The implementation of map_cycle for AbstractCubicalComparisonSpaces does the following:

For each edge:
1. Compute the boxes which it intersects (using edge_boxes).
2. Use the carrier from carrier(cs) to get a 1-chain in the comparison space.
Sum and return the 1-chains.

CubicalComparisonSpace and SBCubicalComparisonSpace

We provide two implementations of cubical comparison spaces:

CubicalComparisonSpace: The cubes are assumed to cover the data in space only.
SBCubicalComparisonSpace: The cubes are assumed to cover the data in the unit tangent bundle.

Acyclic Carrier Interface

The logic of representing cubical complexes is separated from the logic of the inclusion map. Currently, only a Vietoris–Rips type implementation is supported.

Sampleable Trajectory

Under Construction.

Subsegment Experiments

Use RandomSubsegmentExperiment to evaluate cycling signatures on randomly sampled trajectory subsegments.
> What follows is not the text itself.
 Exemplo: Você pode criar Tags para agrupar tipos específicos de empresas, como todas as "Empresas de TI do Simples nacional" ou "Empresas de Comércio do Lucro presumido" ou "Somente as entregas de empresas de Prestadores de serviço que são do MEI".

For backend comparisons, sample starts once and pass them into each run:

exp = RandomSubsegmentExperiment(traj_space, [20, 40, 80], 25, 42)
starts = sample_segment_starts(exp)

dm = run_experiment(exp; alg=Val(:DistanceMatrix), segment_starts=starts, progress=false)
rp = run_experiment(exp; alg=Val(:Ripserer), segment_starts=starts, progress=false)
comparison = compare_experiment_results(dm, rp)

When Ripserer is loaded, the package exposes three Ripserer-backed algorithms: Val(:Ripserer) uses a thresholded filtration with Ripserer's involuted representatives, Val(:RipsererNoThreshold) uses the same representative path without passing a filtration threshold to Ripserer, and Val(:RipsererManualReconstruct) uses a thresholded filtration plus Ripserer.reconstruct_cycle.

Warning

Ripserer currently has a bug which makes Val(:Ripserer) return incorrect representatives. Consider using Val(:RipsererNoThreshold) or Val(:RipsererManualReconstruct) instead.
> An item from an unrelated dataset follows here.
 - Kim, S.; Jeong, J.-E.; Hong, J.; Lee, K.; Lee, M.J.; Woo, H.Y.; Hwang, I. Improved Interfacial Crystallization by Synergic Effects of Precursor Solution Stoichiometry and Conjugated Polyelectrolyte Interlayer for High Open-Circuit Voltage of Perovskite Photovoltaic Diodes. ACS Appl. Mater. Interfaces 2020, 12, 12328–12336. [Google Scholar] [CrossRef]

run_timed_experiment records one time_ns() measurement per cycling_signature call and returns a TimedRandomSubsegmentResult. Use run_paired_timed_experiments to sample starts once and run multiple backends on those identical subsegments. The package returns plain Julia results; downstream scripts can convert summarize_timings and summarize_agreement output to tables.